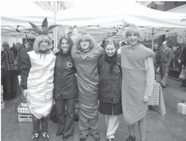
Launching our 'Earth Mover' award-nominated Real Food Guide. The category for award was "Inspirational Voice". Next year we are aiming for 'best costumes and hair styles.'
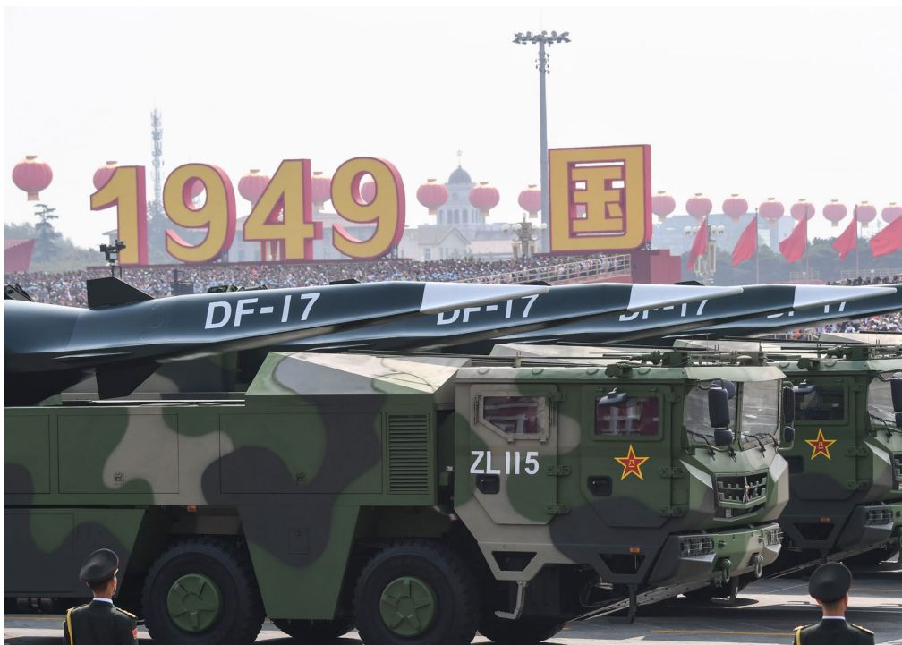
The PRC’s military capabilities have expanded dramatically over the past 30 years. Long-range missiles, such as the DF-17, would play a key role in any PRC military operation in the Western Pacific.

Ultimately, this study is envisioned as the first step in a larger intellectual effort. It does not claim to possess answers to many of its questions. The chief recommendation of this effort is that U.S. defense planners and strategic analysts must broaden their focus. Collectively, U.S. strategic analysts must become more adept at thinking through the various pathways leading to protraction as well as the elements of conflict and competition that will set us on these paths. Against an opponent with China’s military and industrial resources, rapid victory is increasingly unlikely.
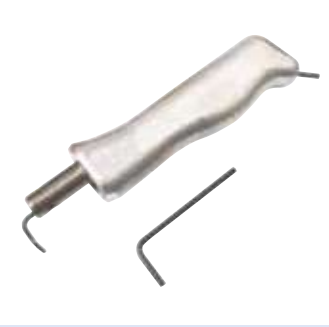
Tool for filler sections
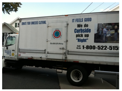
H&M Leasing truck doing by-weekly clothing pick-up in Little Ferry
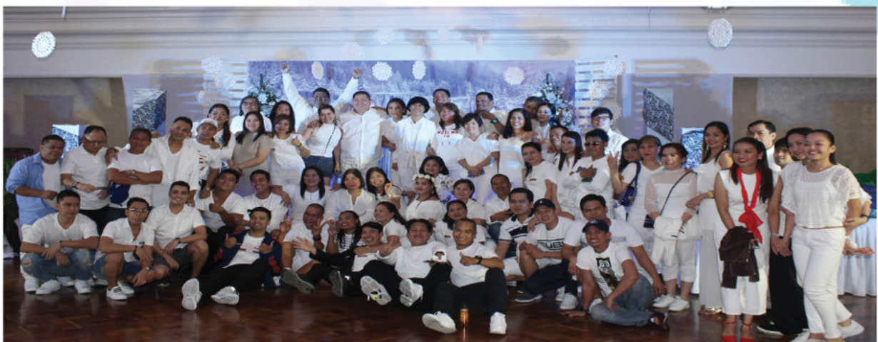
MSCI Christmas Party
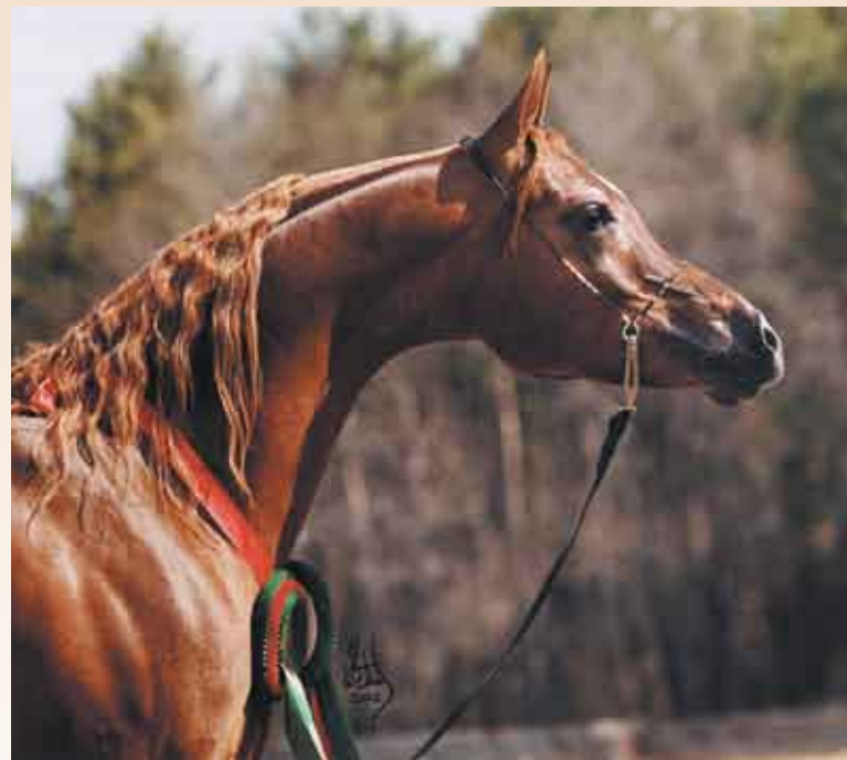
True Colours 1997 chestnut stallion (x Daheda)

Rhapsody In Black 1994 black mare (x Aliashahm RA) dam of numerous champions including Bellagio RCA (x
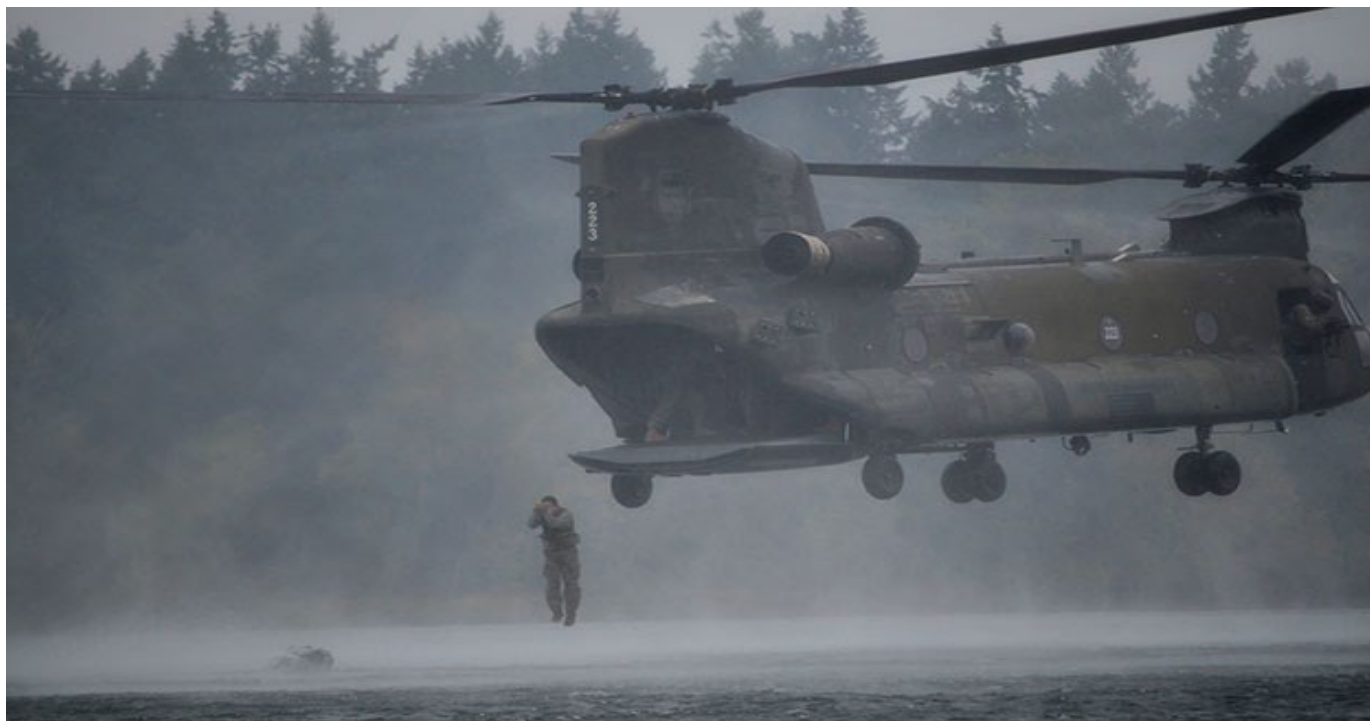
571st Sapper Company conducts helocast into American Lake!
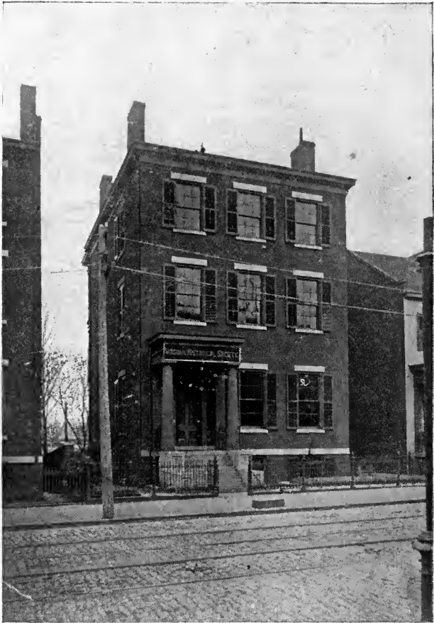
VIRGINIA HISTORICAL SOCIETY'S BUILDING, (War Residence of General R. E. LEE,) NO. 707 EAST FRANKLIN STREET, RICHMOND, VA.
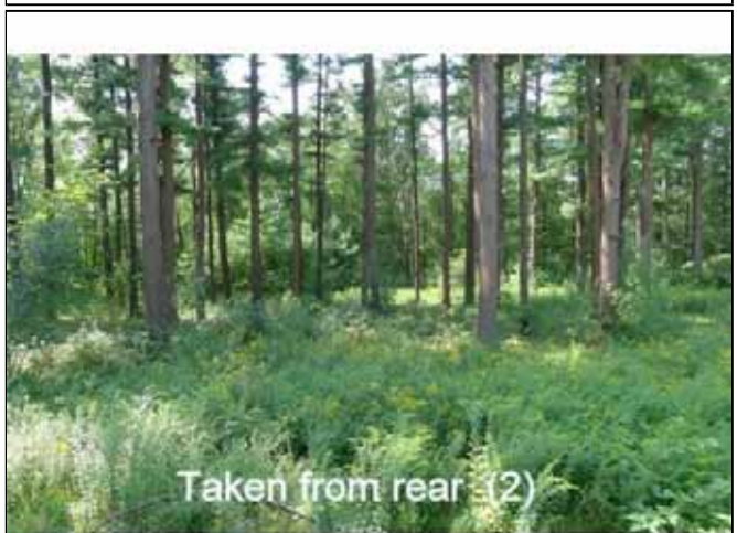
Taken from rear (2)
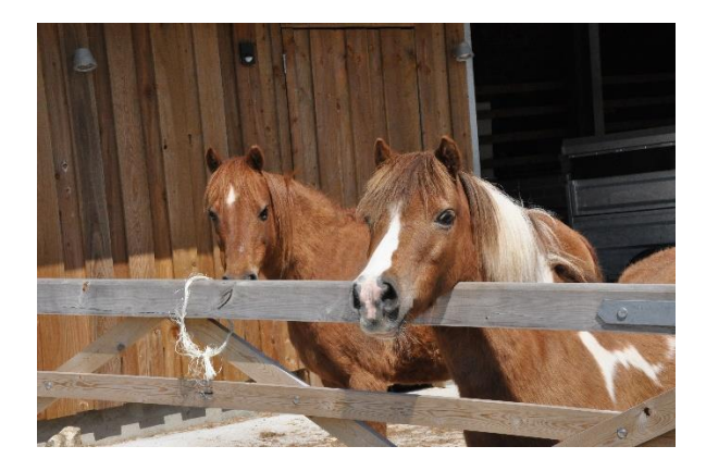
Scrappy and Girlie enjoying the freedom of the yard.
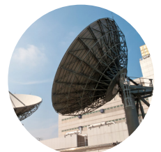
Leased Line Replacement
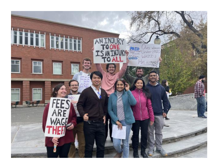
2 - A portion of the Pullman folks that showed up to the rally!
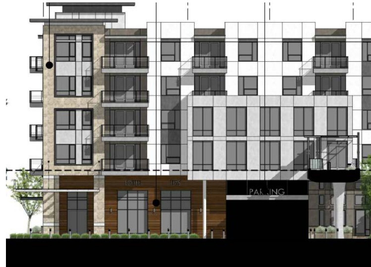
PEDESTRIAN PLAZA ELEVATION

DELIVERY PROJECTED LATE 2021 OPENING SUMMER 2022
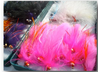
IN DIRTY WATER scale up the profile. It's often more productive than the pattern.

In the winter the fish are more likely to be down on the bottom and in summer they'll be nearer the top. For more tips go to flyfishsteelhead.com. DS
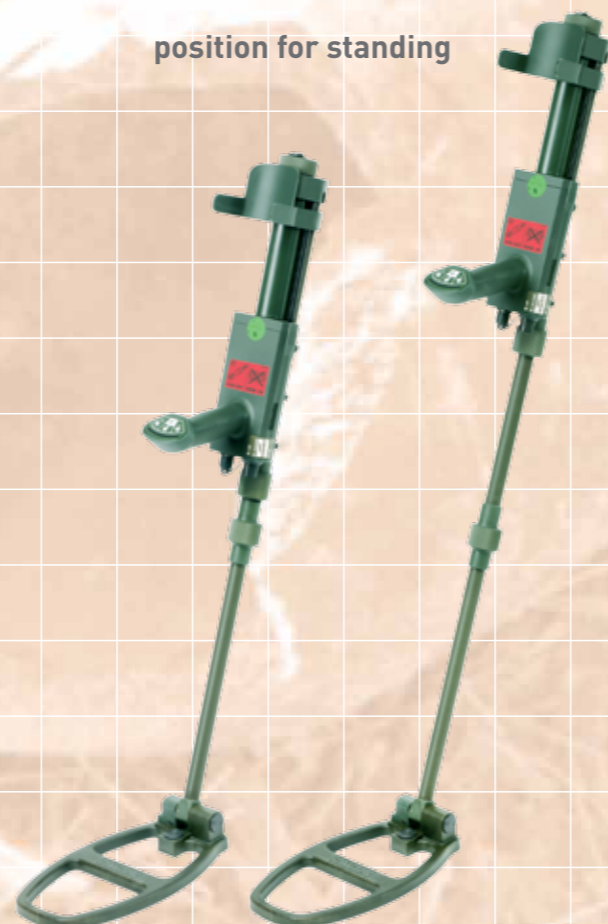
position for standing

The inner and outer tube of the telescopic pole are protected against twisting. The length of the telescopic pole can be adjusted from 920 mm to 1260 mm in just a few seconds.
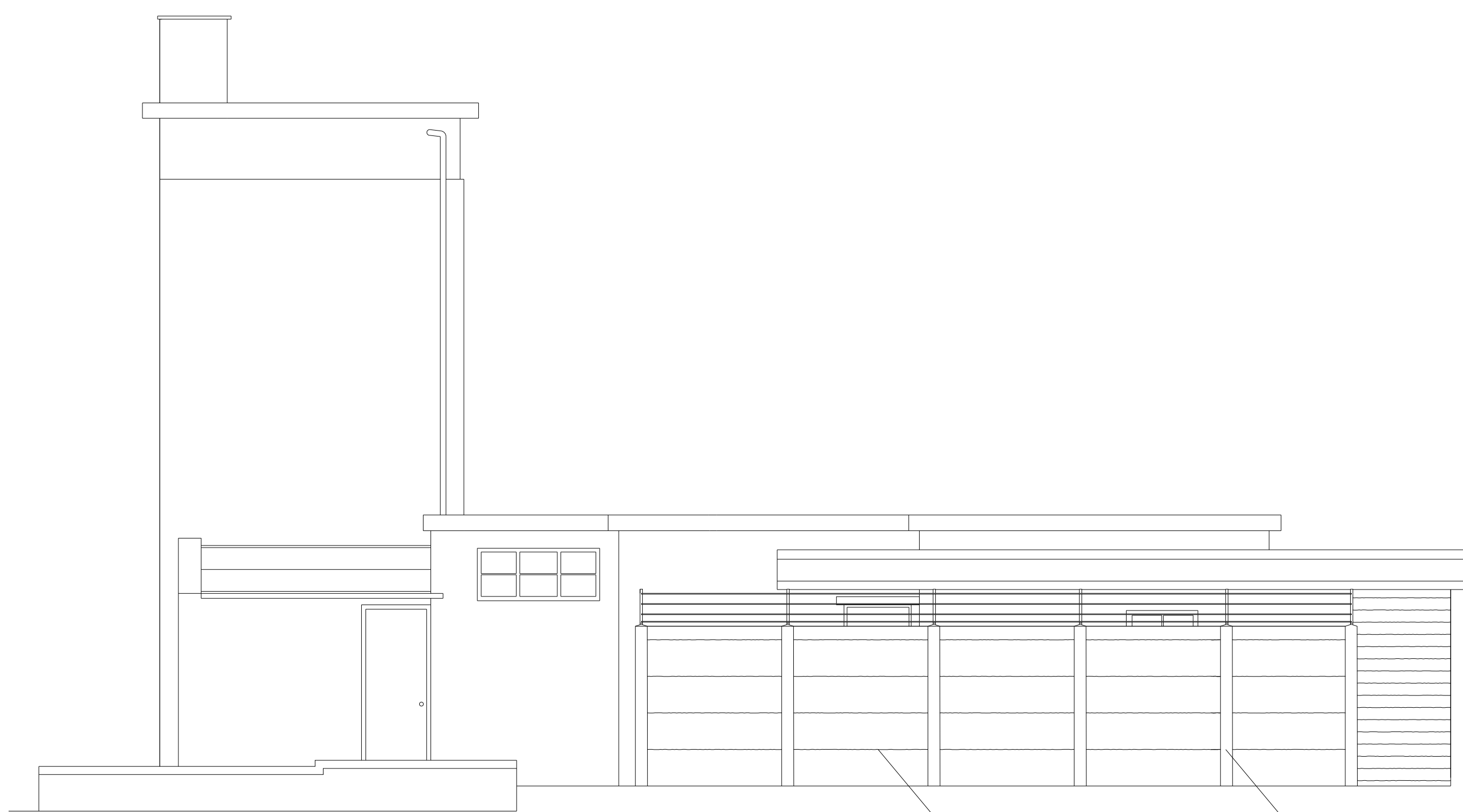
Existing South Elevation From Road

_ _ _ _ _ _ _

* **What needs to be done**: The entries above need to be repeated in full, word for word. Skip the images.

* **Exercise answer**:
Launching our 'Earth Mover' award-nominated Real Food Guide. The category for award was "Inspirational Voice". Next year we are aiming for 'best costumes and hair styles.'
The PRC’s military capabilities have expanded dramatically over the past 30 years. Long-range missiles, such as the DF-17, would play a key role in any PRC military operation in the Western Pacific.

Ultimately, this study is envisioned as the first step in a larger intellectual effort. It does not claim to possess answers to many of its questions. The chief recommendation of this effort is that U.S. defense planners and strategic analysts must broaden their focus. Collectively, U.S. strategic analysts must become more adept at thinking through the various pathways leading to protraction as well as the elements of conflict and competition that will set us on these paths. Against an opponent with China’s military and industrial resources, rapid victory is increasingly unlikely.
Tool for filler sections
H&M Leasing truck doing by-weekly clothing pick-up in Little Ferry
MSCI Christmas Party
True Colours 1997 chestnut stallion (x Daheda)

Rhapsody In Black 1994 black mare (x Aliashahm RA) dam of numerous champions including Bellagio RCA (x
571st Sapper Company conducts helocast into American Lake!
VIRGINIA HISTORICAL SOCIETY'S BUILDING, (War Residence of General R. E. LEE,) NO. 707 EAST FRANKLIN STREET, RICHMOND, VA.
Taken from rear (2)
Scrappy and Girlie enjoying the freedom of the yard.
Leased Line Replacement
2 - A portion of the Pullman folks that showed up to the rally!
PEDESTRIAN PLAZA ELEVATION

DELIVERY PROJECTED LATE 2021 OPENING SUMMER 2022
IN DIRTY WATER scale up the profile. It's often more productive than the pattern.

In the winter the fish are more likely to be down on the bottom and in summer they'll be nearer the top. For more tips go to flyfishsteelhead.com. DS
position for standing

The inner and outer tube of the telescopic pole are protected against twisting. The length of the telescopic pole can be adjusted from 920 mm to 1260 mm in just a few seconds.
Existing South Elevation From Road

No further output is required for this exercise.